Different Types of Economic Incentives

  • In a workplace setting (microeconomic level), employees are often motivated by various forms of economic incentives:
    • Flat Rate: A fixed amount of salary irrespective of performance.
    • Piece Rate: Pay based on the quantity of output produced.
    • Bonus: Additional rewards for excellent performance.
    • Relative Incentives: Rewards relative to the performance of others (competitive incentives).

Notes:

  • Question: What are the advantages / disadvantages of those incentives?

Rationality in Economics

  • Economic theories often assume rationality, implying that actors:
    • Are primarily driven by monetary gains (payoff maximization).
    • Act in self-interest.
    • Have unlimited cognitive resources.
  • Remark: In this, all factors can be translated into monetary terms.

Incentives often work well

  • Interest rates set by central banks.
  • Lower rates: Encourage borrowing and investing.
  • Higher rates: Slow down inflation and stabilize the economy.

Incentives can Backfire

  • In India during British rule, the British Government was concerned about the large number of venomous Cobras.
    • They offered a bounty for every dead cobra.
    • People started to breed cobras at home to sell them.
    • Once the government stopped the program, breeders released the cobras causing larger numbers than before.

Goodhart's Law

When a measure becomes a target, it ceases to be a good measure


Crowding Out

  • In Haifa (Israel) parents often got their kids late from day care.
    • This caused childcare workers frustration.
    • Idea: fine parents for getting their kids late.
    • The program was rolled out in some day cares and not others.
  • Traditional economic theory:
    • Less or at least equally many late parents.
    • BUT: The opposite happened, the number of late parents even increased.
    • After the fine was abolished, parents still were more late.
  • Extrinsic motivation can crowd out intrinsic motivation.

Notes:

  • Question: Why did that happen?
  • Gneezy & Rustichini (2000): A fine is a price.

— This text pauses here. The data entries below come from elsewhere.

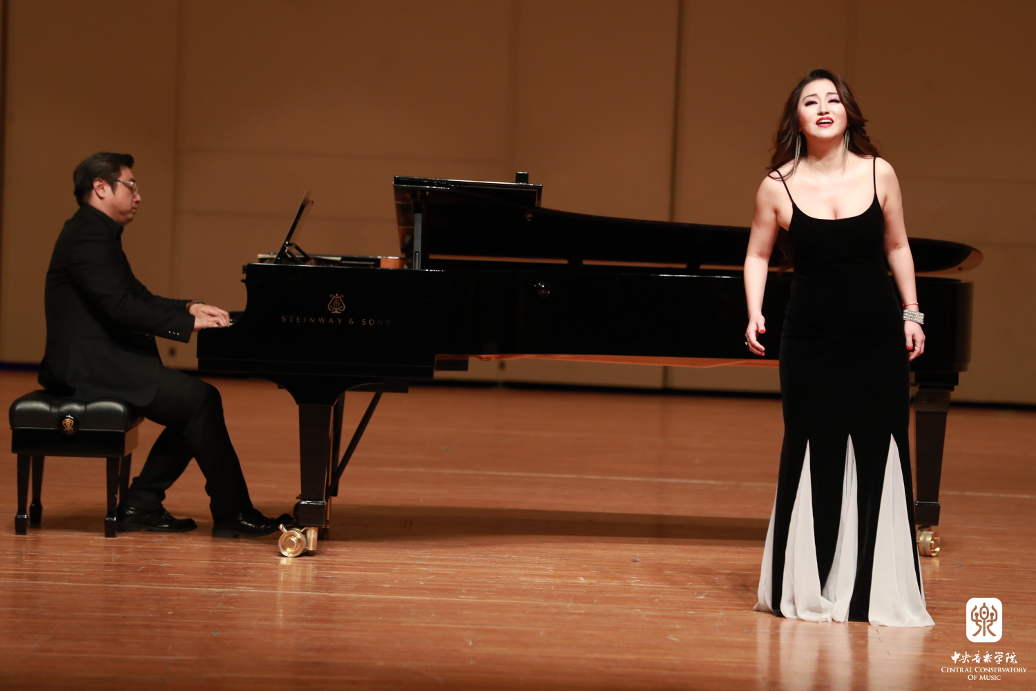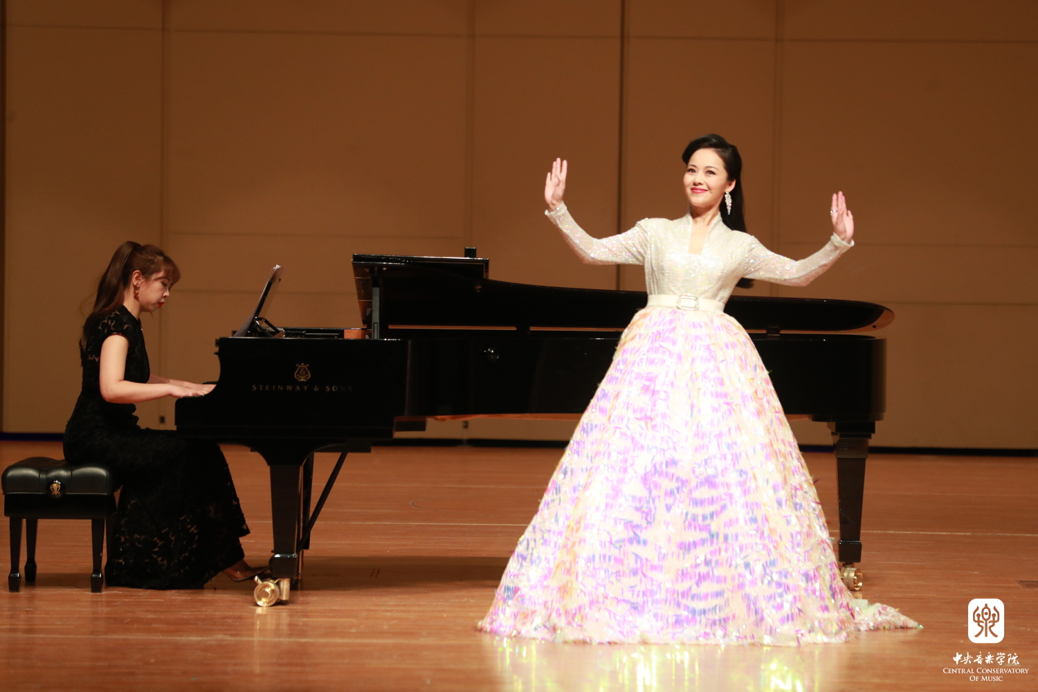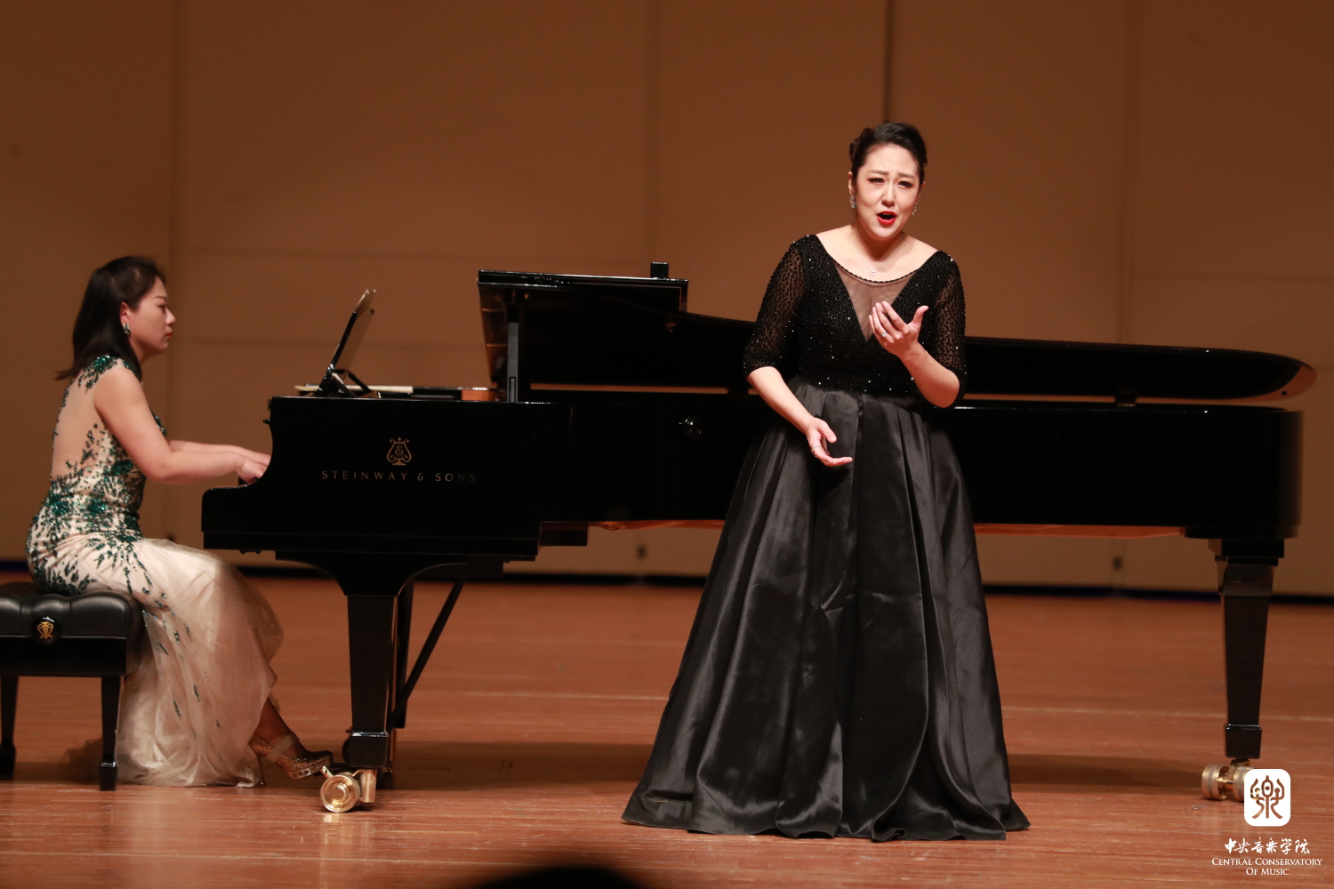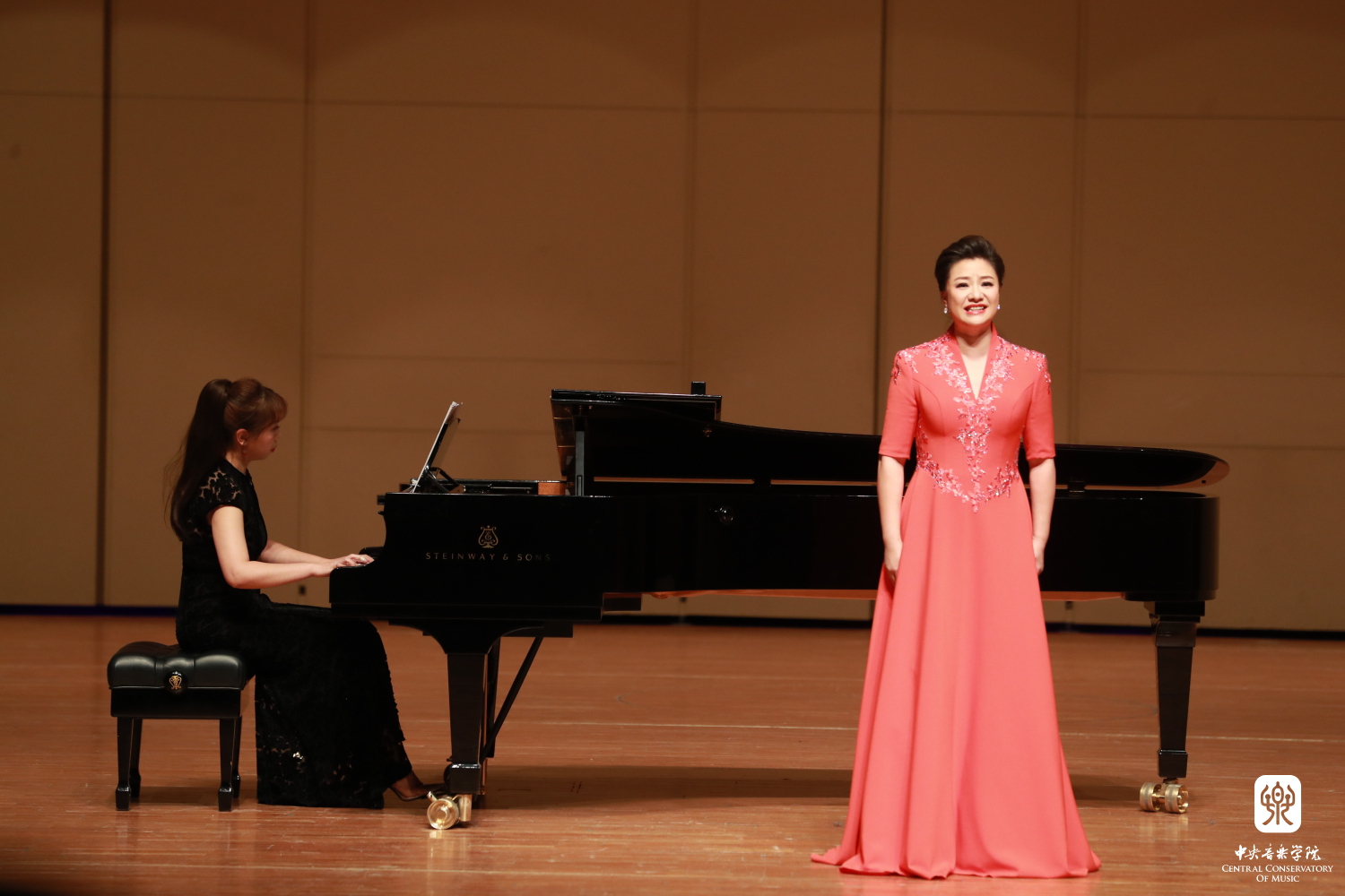 本场音乐会在曲目策划方面,突出了best365中国官方网站“不忘初心,牢记使命”主题教育的意义和内涵,着重体现“四个自信”中的“文化自信”,传播中国文化,并展现出声歌系在日常教学和学术研究中对中国声乐作品的高度重视。其中既有《我住长江头》《歌》《逝去的爱》《元曲小唱》等等格调清雅,技法细腻的艺术歌曲,也有《我爱你中国》《海恋》《我像雪花天上来》《日月之恋》等等展现时代风貌,广为传唱的创作歌曲;还有《洗菜心》《龙船调》《红彩妹妹》等等传统民歌改编曲,以及《伤逝》《野火春风斗古城》《山村女教师》《赵氏孤儿》等等中国歌剧中的精彩唱段。其中张立萍教授演唱的《鸿雁》、王宪林教授演唱的《在水一方》是将影视通俗歌曲移植、重新编配,提高了作品的艺术格调,与时俱进的拓展了“美声”曲目及日常教材的范围。《枫叶之歌》是缅怀歌颂革命先烈彭雪枫将军的一首歌曲,迪里拜尔教授为本场音乐会特意邀请作曲家为该首作品精心编配了钢琴伴奏,她深情流畅的演唱展现出深厚细腻的情感,是对音乐会“不忘初心、牢记使命”主题的深刻注解。
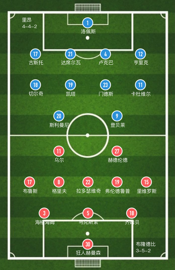 里昂(4-4-2): 1-洛佩斯,17-古斯托(87' 53-伯德),21-达席尔瓦,4-卢克巴,12-亨里克,18-切尔奇,19-凯塔(75' 25-卡克雷),23-门德斯(75' 39-吉马拉斯),11-卡杜维尔(75' 7-埃坎比),20-斯利曼尼,9-登贝莱(75' 10-帕奎塔)
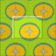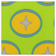 Der grüne Sternkreismuster Stoff mit Stern in orangefarbenem und blauem Kreis ist bereit, Teil Ihres nächsten Nähprojekts zu werden.
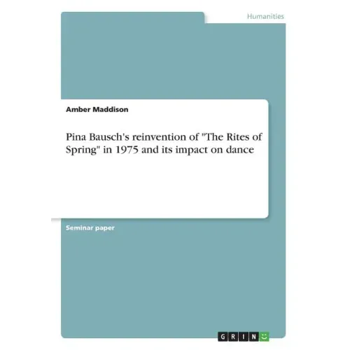 Seminar paper from the year 2016 in the subject Theater Studies, Dance, grade: 2:1, Buckinghamshire New University, course: BA (Hons) Musical Theatre, language: English, abstract: The present paper is an examination of the work of Pina Bausch, choreographer of the ensemble Tanztheater Wuppertal, focusing on the 'masterpiece' (Smith, C 2013) that was "The Rites of Spring" in 1975, a reinvention of an original ballet performed by the Ballet Russe in 1913, choreographed by Vaslav Nijinsky, and composed by Igor Stracinsky. For Bausch movement was to be the secondary focus with a development and denouement of the piece. I will bring attention to how The Rites of Spring tackles the male and female relationship through balletic contemporary choreography, questioning Bausch's development on dance and education today. Drawing upon some of her other pieces such as Kontakthof (1978) and Café Muller (1978), I will explore the methodologies used and whether these methods have influenced other practitioners and if her work is still relevant today.
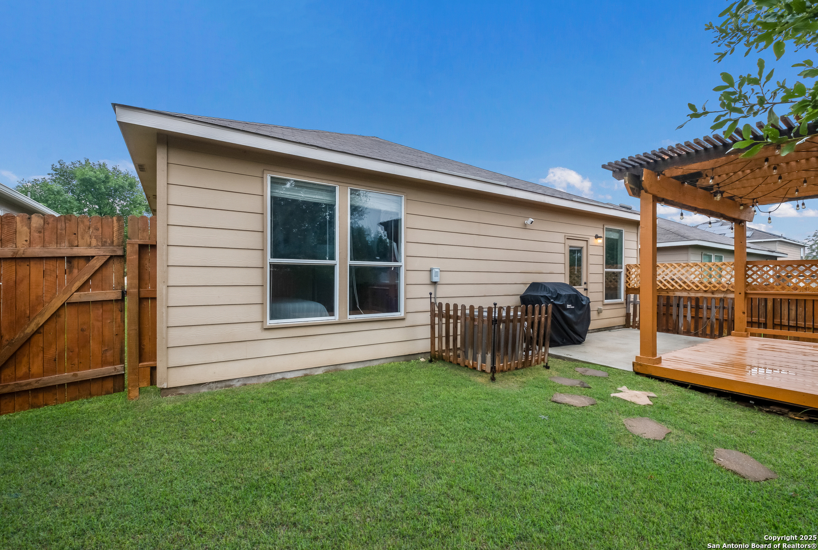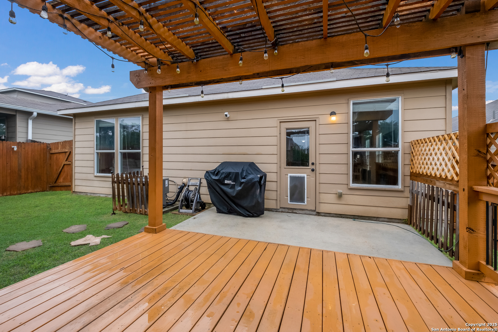 Gorgeous 3 Bedrooms plus a Study! Move-in-ready home with modern elegance. Recently updated with Vinyl plank flooring and fresh paint throughout . The open floor plan that seamlessly connects the living, dining, and kitchen areas is ideal for both family living and entertaining guest. The kitchen features stainless steel appliances, newer dishwasher in 2023, large island , and ample cabinetry for all your storage needs. The spacious primary suite is a true private retreat, showcasing a luxurious large walk-in closet with extensive storage options to keep you organized. A/C is approximately 5 yrs old. The backyard offers a large custom pergola thats perfect for outdoor dining, barbecues and relaxation. Also has Sprinkle system to keep your lawn green and healthy. Absolutely No carpeting in this home. Recessed lighting. Garage has custom top storage. Situated in the highly regarded Boerne ISD, this home is conveniently located near schools, shopping, dining, and outdoor activities. With its combination of modern updates, thoughtful design, and prime location, this home truly has it all.
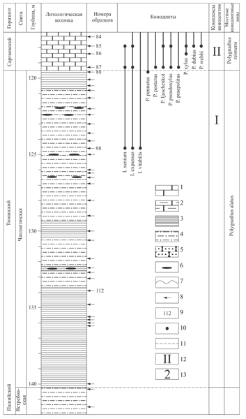 В саргаевском горизонте скв. 178 Средний Карачан присутствуют A. rotundiloba alata, M. asymmetrica (=P. asymmetricus asymmetricus), P. xylus xylus, Ct. angustidiscus, I. symmetricus, I. expansus. После выхода в свет монографии В.А. Аристова (1988) были описаны новые роды и виды конодонтов, поэтому в приведенных списках в скобках указаны устаревшие названия. В скв. 16 Щигры саргаевский комплекс конодонтов значительно беднее, что обусловлено положением скважины на более мелководном участке саргаевского моря. В скв. 178 Средний Карачан саргаевский комплекс конодонтов содержит представителей Mesotaxis и Ancyrodella – показателей относительно более глубоководного участка бассейна.
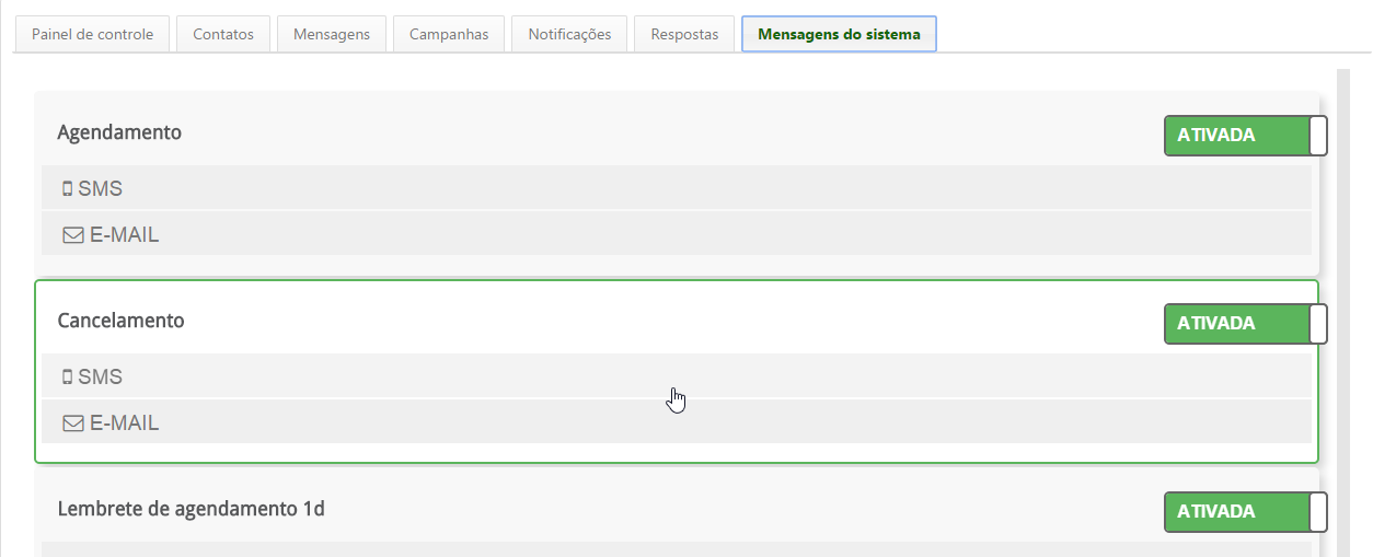 Na aba “Mensagens do sistema”, você pode editar as mensagens de email e SMS que são enviadas automaticamente na rotina do agendamento, como lembretes de confirmação e mensagens de falta.
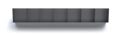 Das sehr reduzierte Aluminium-Wandregal K7V90 gilt als einer der Klassiker von Maarten von Severen und wird seit 2013 wieder von Lensvelt produziert. Der minimalistische Entwurf mit den sieben Regalfächern erfolgte 1990.
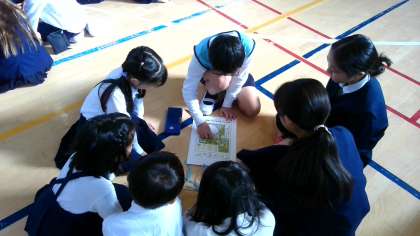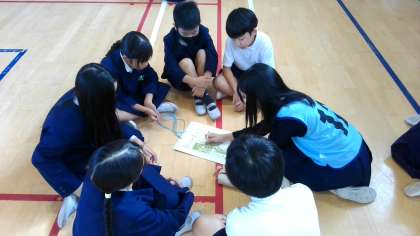 オリエンテーリングの回り方をグループで相談しました。
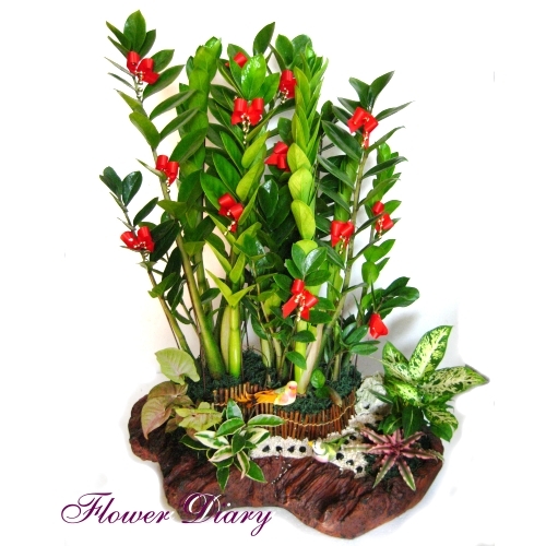 金錢樹,外型像圓葉蘇鐵,葉片有光澤,葉形流線有如一把彎刀,有辟邪之意; 單葉橢圓就像錢幣一樣,所以有「金錢樹」之稱。 耐陰性極佳,生長較緩慢。可放於室內或半遮蔭場所,非常好照顧! 需注要避免日光直射,春秋兩季可二週澆水一次, 冬季溫度過低時,水量更要減少,適度維持土壤的濕潤即可。
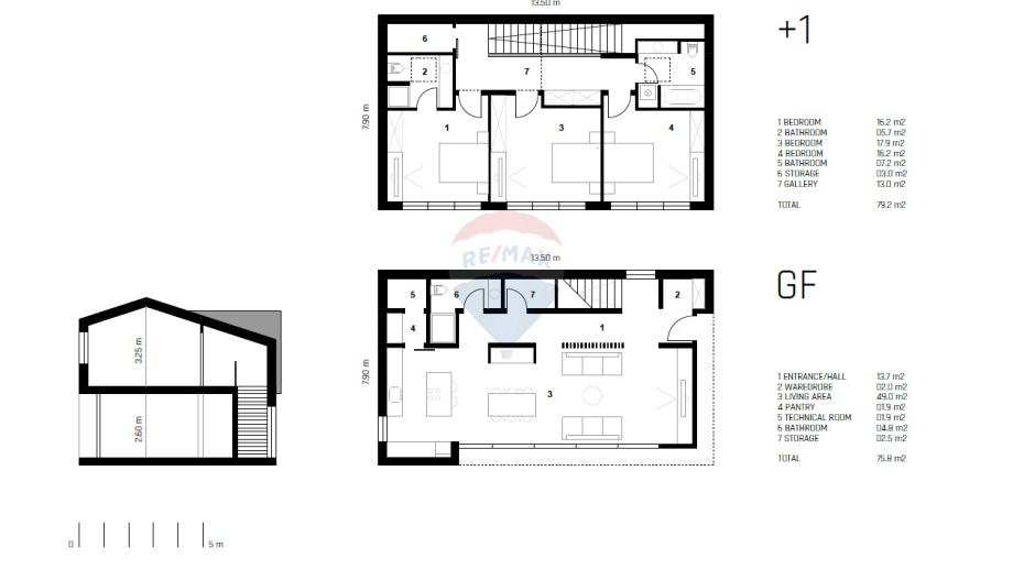 U prizemlju buduće vile nalazi se prostrani dnevni boravak, blagovaonica s kuhinjom, jedna spavaća soba s kupaonom, spremište i vešeraj.
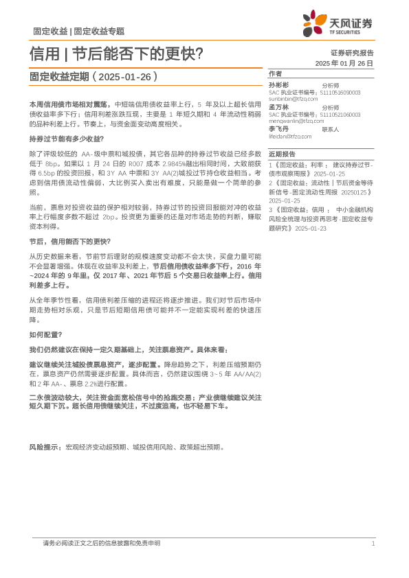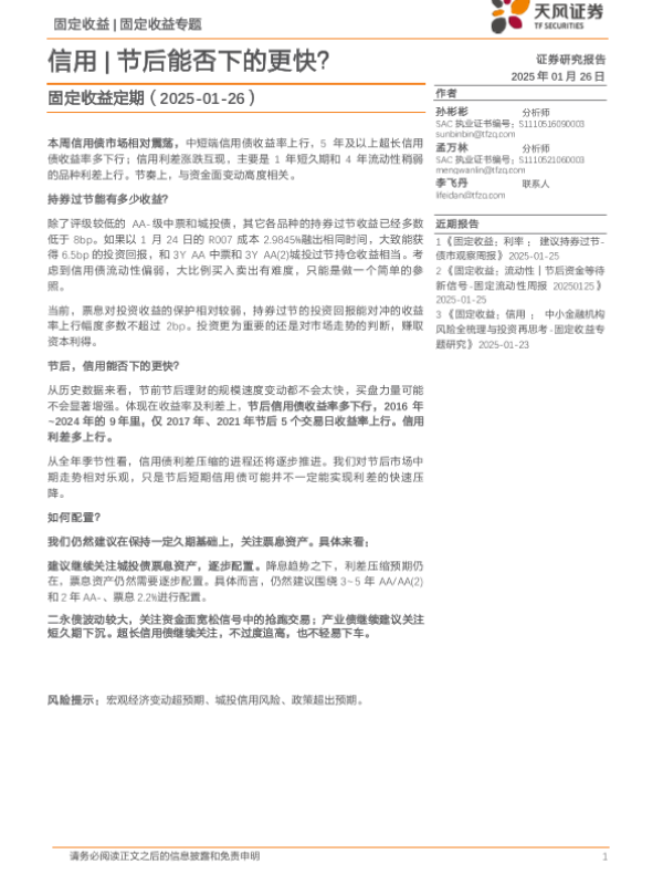 【天风证券】【20250126】固定收益定期:信用|节后能否下的更快?-24页
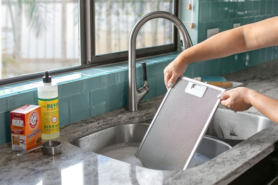 Đổ đầy nước nóng, nước rửa bát và baking soda vào chậu rửa và ngâm lưới lọc trong 15 đến 20 phút. Sau đó sử dụng bàn chải làm sạch chà sạch dầu mỡ và bụi bẩn bám trên lưới lọc máy hút mùi.
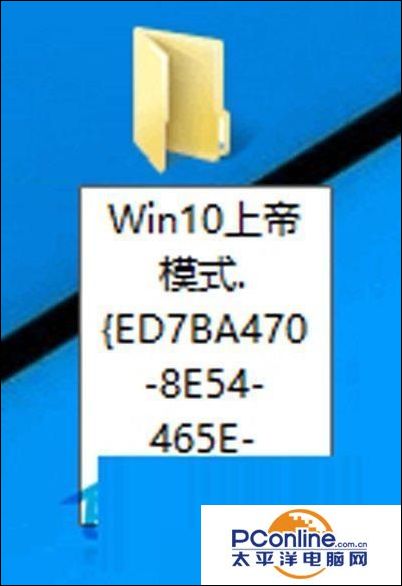 在Win10桌面上新建一个文件夹,然后把新建文件夹修改为后缀名(扩展名)为 。{ED7BA470-8E54-465E-825C-99712043E01C} 的任意名称(Win10修改文件后缀名(扩展名)的技巧),例如 Win10上帝模式。{ED7BA470-8E54-465E-825C-99712043E01C}。如图

The Power of Intrinsic Incentives

  • Beyond monetary gain, people are also motivated by intrinsic factors.
    • Social preferences (Reciprocity, Fairness, Social Norms, Inequality Aversion, Altruism).
    • Personal morals, and deeply-held beliefs.
  • Economic models often fail to account for these motivations, leading to unexpected outcomes in real-world applications.

From Humans to Automated Agents

  • The digital age emphasizes the importance of automated actors in our economic systems.
  • Algorithms and bots, respond to incentives, often financial ones, automatically.
  • This shifts the application of incentives beyond a human context and into the realm of digital systems and automated processes.

Notes:

  • Still, not always financial incentives - reputation scores
  • While automated agents existed for a while, they become much more accessible for everybody due to blockchain technology
  • Your electric car might soon have a wallet that automatically pays for charging at a red light.
  • Or you might be able to pay for priority green lights.

Conclusion

  • Incentives continue to be fundamental to interactions in society, whether among humans or between automated systems.
  • As we understand more about incentives in different contexts, we can better design them to influence behavior effectively.
  • Intrinsic motivations remain important, but in certain contexts, like automated systems, monetary incentives also play a significant role.
  • The challenge is to balance these factors to achieve the desired outcomes.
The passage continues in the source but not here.